* _Exercise description_:
Copy all records exactly; omit pictures.

Data excerpts:
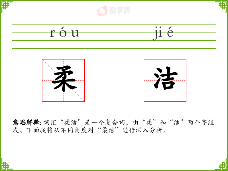 词汇“柔洁”是一个复合词,由“柔”和“洁”两个字组成。下面我将从不同角度对“柔洁”进行深入分析。
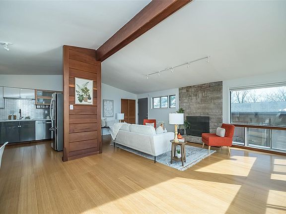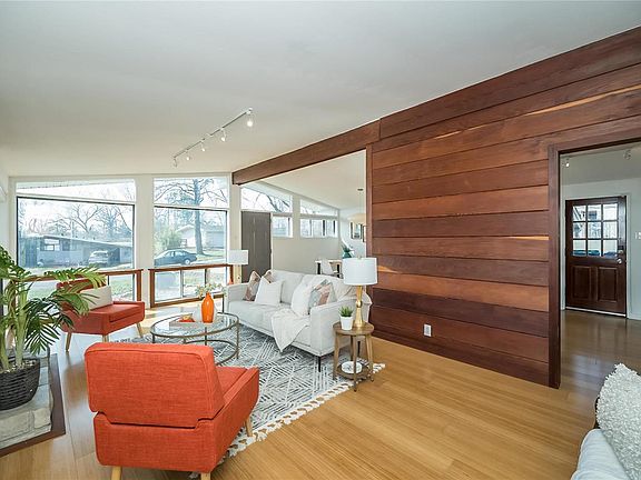 Stunning Ridgewood ranch on a quiet cul-de-sac! One of the largest at 1664 sqft. Designed by St. Louis' beloved mid-century modern architect, Ralph Fournier, this home blends thoughtful updates w/ its original California ranch charm. Gorgeous wood accent walls, clerestory windows, new mod lighting & vaulted ceilings complement the modern, updated kitchen with stainless steel appliances (new DW & fridge), custom flat-front cabinets, quartz counters & an open flow to the dining & living areas. Warm honey-toned bamboo floors run throughout, except for the two updated baths w/ newer tile. The massive en-suite primary bedroom spans the back of the home, offering abundant closet space & private patio access. The level, partially fenced lot w/ newer block retaining wall, backs to trees. 90k BTUs furnace '23, roof '17, gutters & aluminum wrapped fascia '22, AC '17. Fridge, washer/dryer & pantry stay. High-ranked Lindbergh Schools. Renovated w/ MCM style in mind!
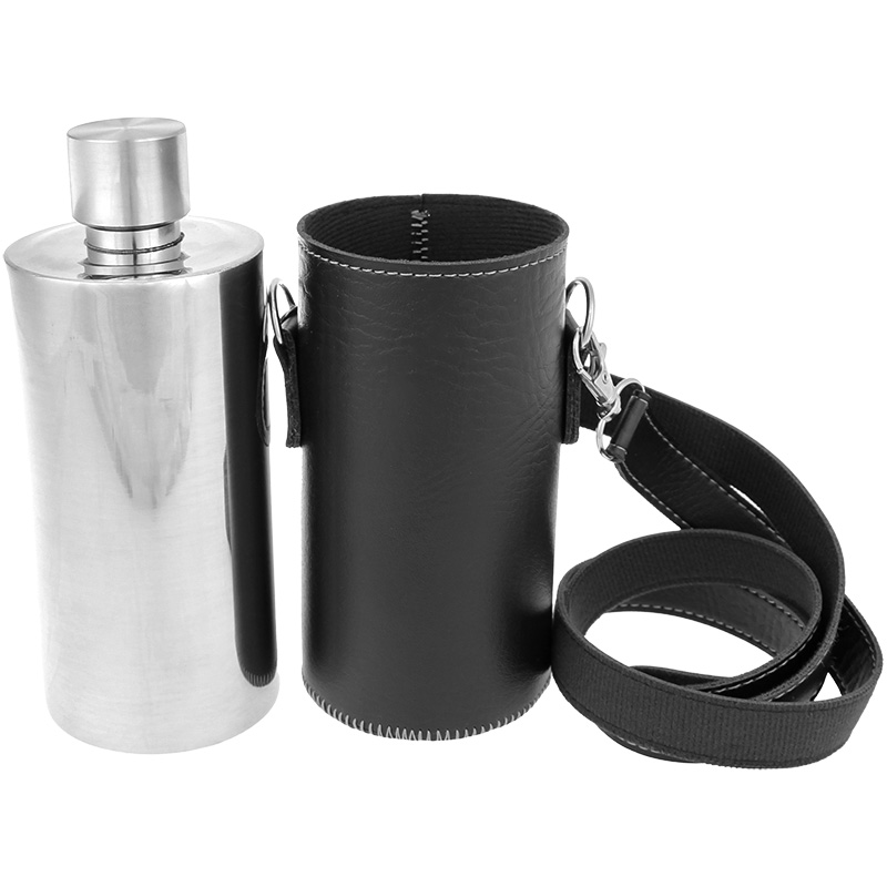 Husa elegantă din piele ecologică oferă produsului un aspect luxos și, în același timp, protejează plosca împotriva deteriorării. Un avantaj îl reprezintă husa și cureaua detașabile, datorită cărora poate fi purtată comod pe umăr sau scoasă cu ușurință și depozitată într-un rucsac ori geantă.
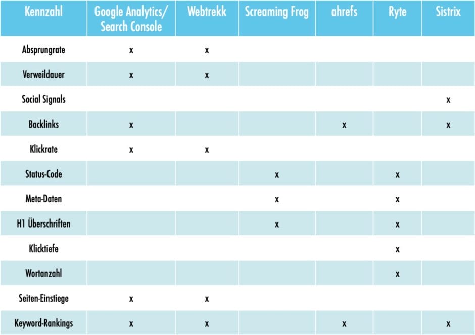 Bevor Sie an die Analyse und Interpretation Ihres Contents gehen, benötigen Sie einige relevante Daten als Basis. Diese zeigen Ihnen zum einen den IST-Zustand und liefern zum anderen wichtige Kennzahlen, die Ihnen die Analyse erleichtern.
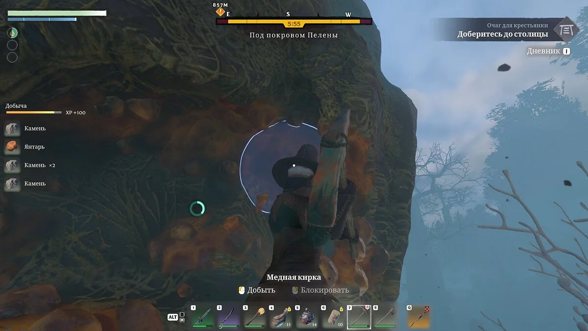 Янтарь защищен Пеленой, которая убьет слабого персонажа. Чтобы начать добычу, придется усилить Алтарь Пламени до третьего уровня. Так вы расширите зону доступной застройки и сможете отогнать Пелену.
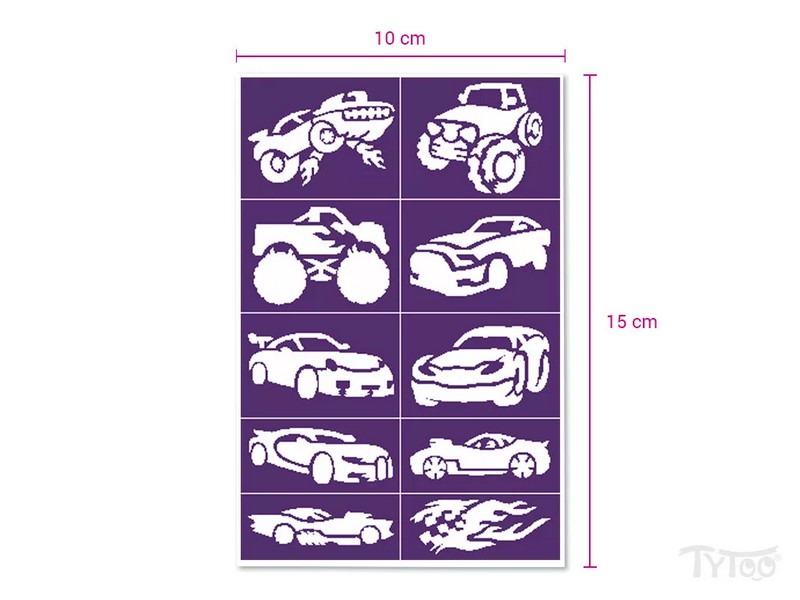 Tytoo Racing Autó Mintás Csillámtetoválás Sablon Szett
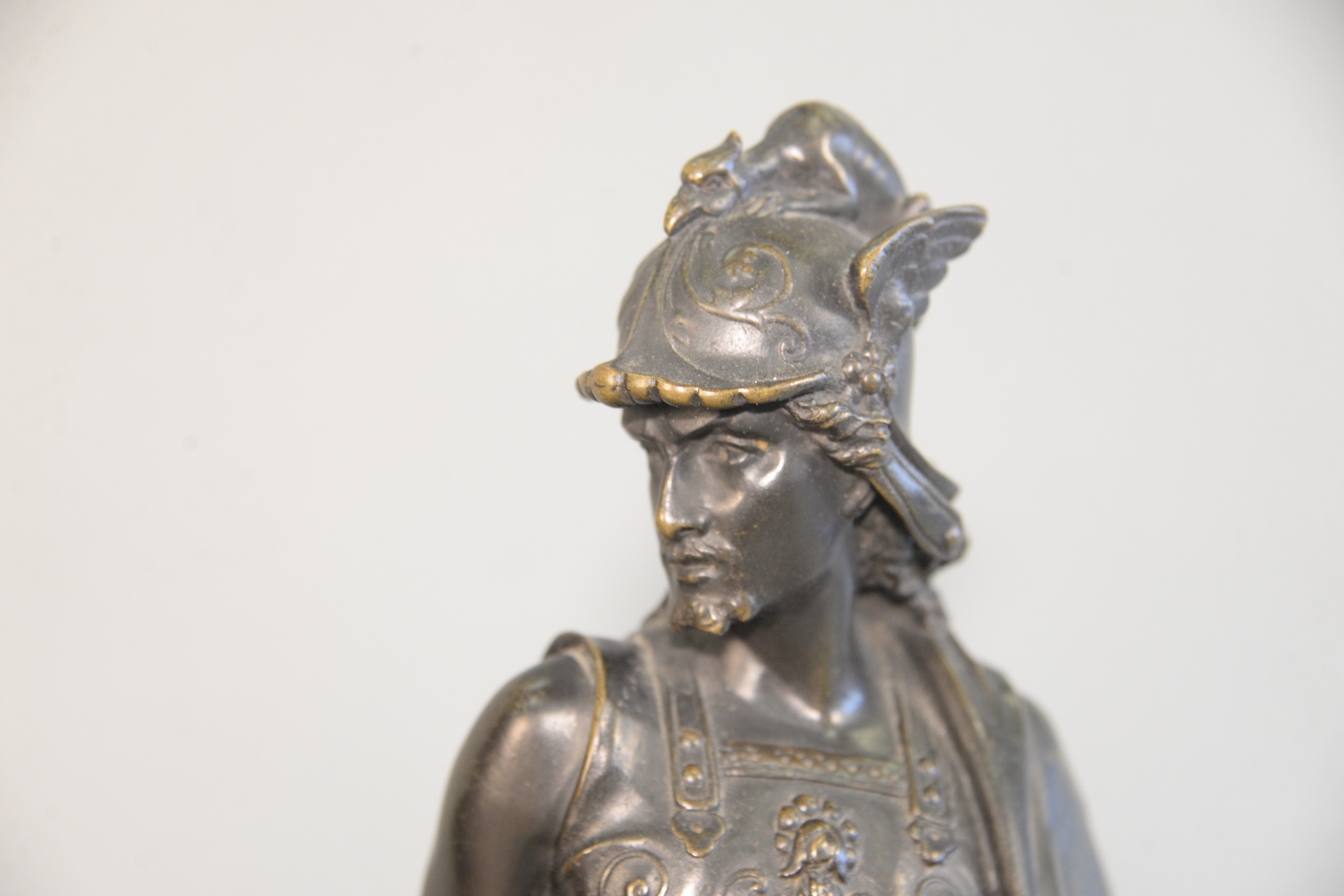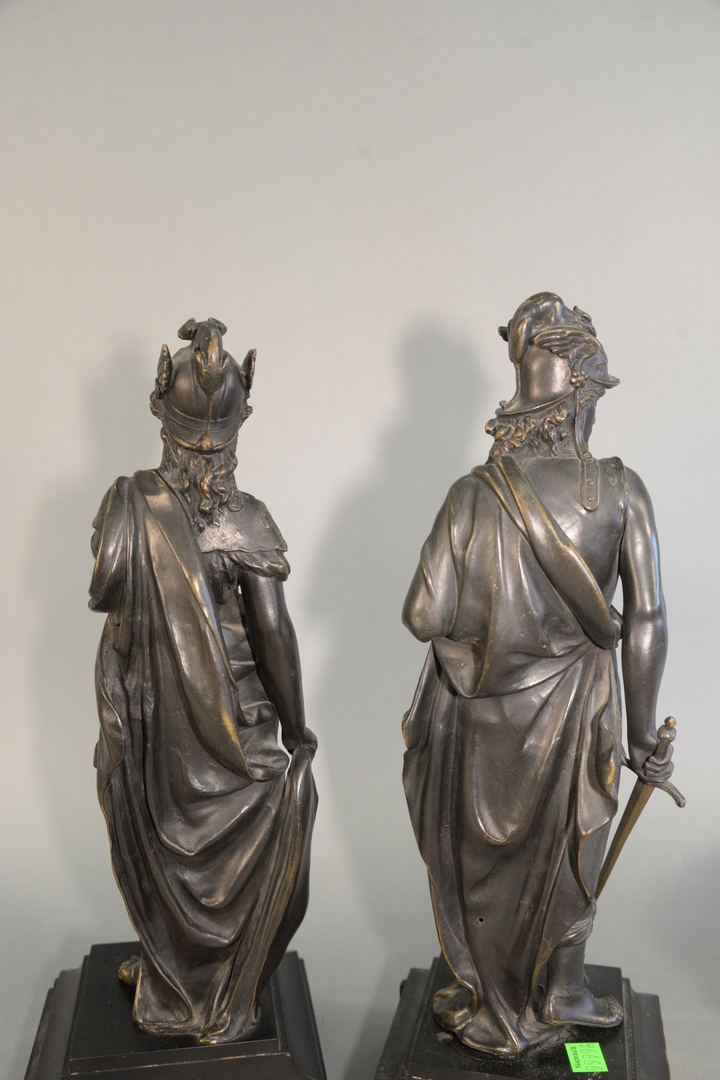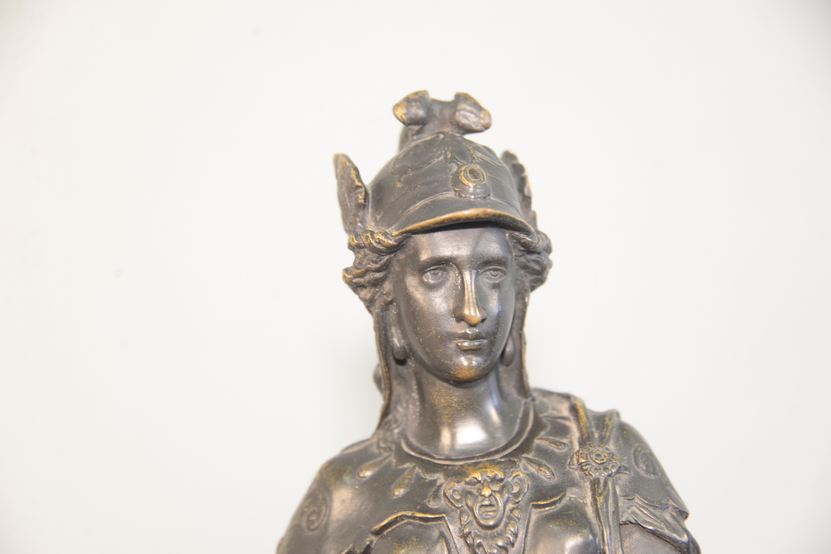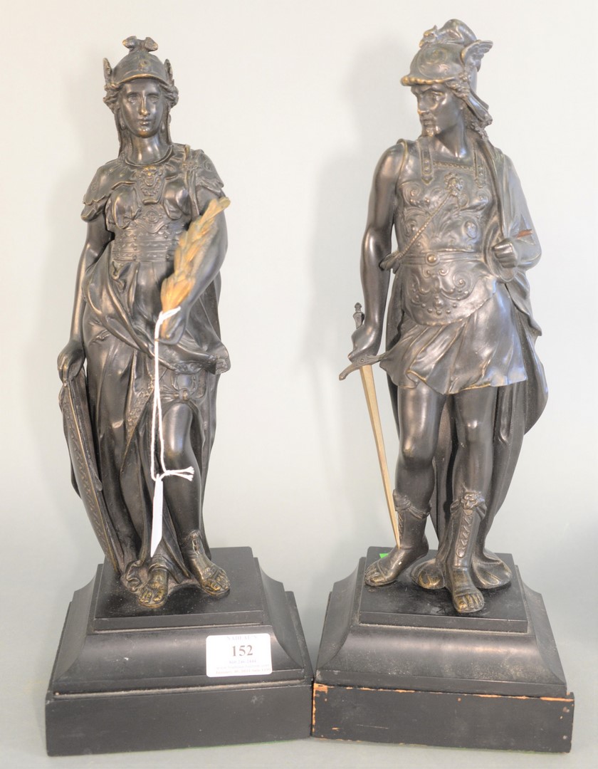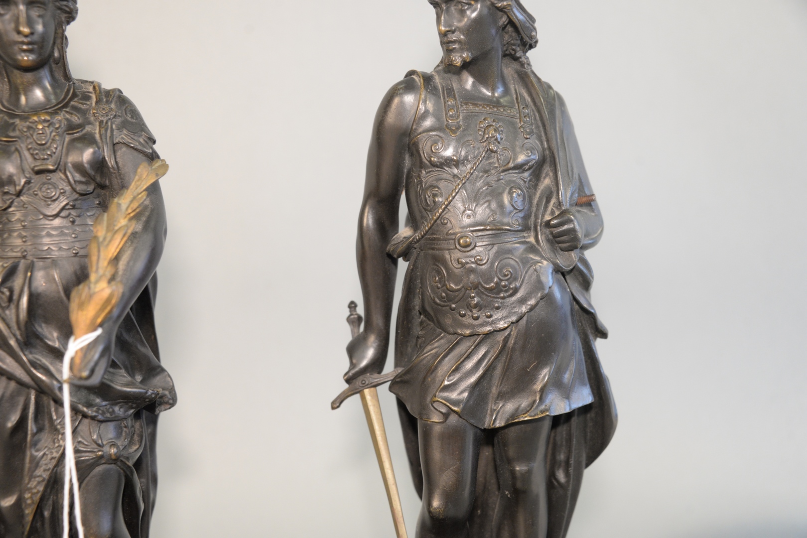 Lot 152: Pair of Greek Goddess Bronze Figures man holding a sword, and woman holding wreath, standing on granite bases total height 16 1/4 in…

* _Written solution_:
 词汇“柔洁”是一个复合词,由“柔”和“洁”两个字组成。下面我将从不同角度对“柔洁”进行深入分析。
 Stunning Ridgewood ranch on a quiet cul-de-sac! One of the largest at 1664 sqft. Designed by St. Louis' beloved mid-century modern architect, Ralph Fournier, this home blends thoughtful updates w/ its original California ranch charm. Gorgeous wood accent walls, clerestory windows, new mod lighting & vaulted ceilings complement the modern, updated kitchen with stainless steel appliances (new DW & fridge), custom flat-front cabinets, quartz counters & an open flow to the dining & living areas. Warm honey-toned bamboo floors run throughout, except for the two updated baths w/ newer tile. The massive en-suite primary bedroom spans the back of the home, offering abundant closet space & private patio access. The level, partially fenced lot w/ newer block retaining wall, backs to trees. 90k BTUs furnace '23, roof '17, gutters & aluminum wrapped fascia '22, AC '17. Fridge, washer/dryer & pantry stay. High-ranked Lindbergh Schools. Renovated w/ MCM style in mind!
 Husa elegantă din piele ecologică oferă produsului un aspect luxos și, în același timp, protejează plosca împotriva deteriorării. Un avantaj îl reprezintă husa și cureaua detașabile, datorită cărora poate fi purtată comod pe umăr sau scoasă cu ușurință și depozitată într-un rucsac ori geantă.
 Bevor Sie an die Analyse und Interpretation Ihres Contents gehen, benötigen Sie einige relevante Daten als Basis. Diese zeigen Ihnen zum einen den IST-Zustand und liefern zum anderen wichtige Kennzahlen, die Ihnen die Analyse erleichtern.
 Янтарь защищен Пеленой, которая убьет слабого персонажа. Чтобы начать добычу, придется усилить Алтарь Пламени до третьего уровня. Так вы расширите зону доступной застройки и сможете отогнать Пелену.
 Tytoo Racing Autó Mintás Csillámtetoválás Sablon Szett
 Lot 152: Pair of Greek Goddess Bronze Figures man holding a sword, and woman holding wreath, standing on granite bases total height 16 1/4 in…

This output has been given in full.